# Check if a given array contains duplicate elements within k distance from each other

Given an unsorted array that may contain duplicates. Also given a number k which is smaller than size of array. Write a function that returns true if array contains duplicates within k distance.

Examples:

Input: k = 3, arr[] = {1, 2, 3, 4, 1, 2, 3, 4}
Output: false
All duplicates are more than k distance away.

Input: k = 3, arr[] = {1, 2, 3, 1, 4, 5}
Output: true
1 is repeated at distance 3.

Input: k = 3, arr[] = {1, 2, 3, 4, 5}
Output: false

Input: k = 3, arr[] = {1, 2, 3, 4, 4}
Output: true

## Recommended: Please solve it on “PRACTICE ” first, before moving on to the solution.

A Simple Solution is to run two loops.

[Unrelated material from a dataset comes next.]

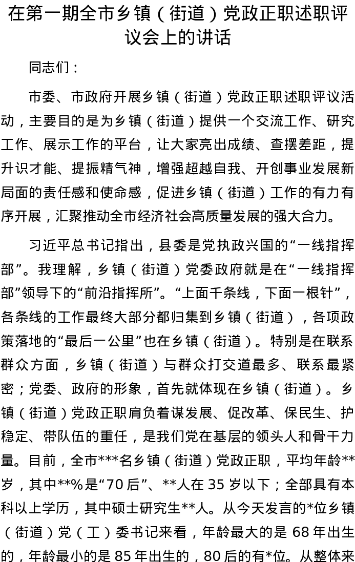 20220822在第一期全市乡镇(街道)党政正职述职评议会上的讲话
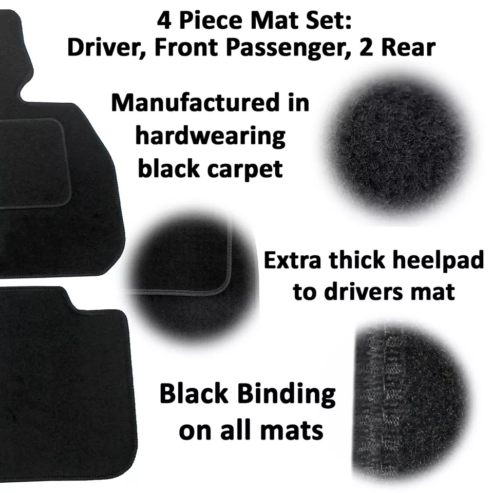 Manufactured from hardwearing black carpet with a black binding on the edge. Each mat is custom fit for the driver, front passenger or rear footwells.

The outer loop picks every element ‘arr[i]’ as a starting element, the inner loop compares all elements which are within k distance of ‘arr[i]’. The time complexity of this solution is O(kn).

We can solve this problem in Θ(n) time using Hashing. The idea is to one by add elements to hash. We also remove elements which are at more than k distance from current element. Following is detailed algorithm.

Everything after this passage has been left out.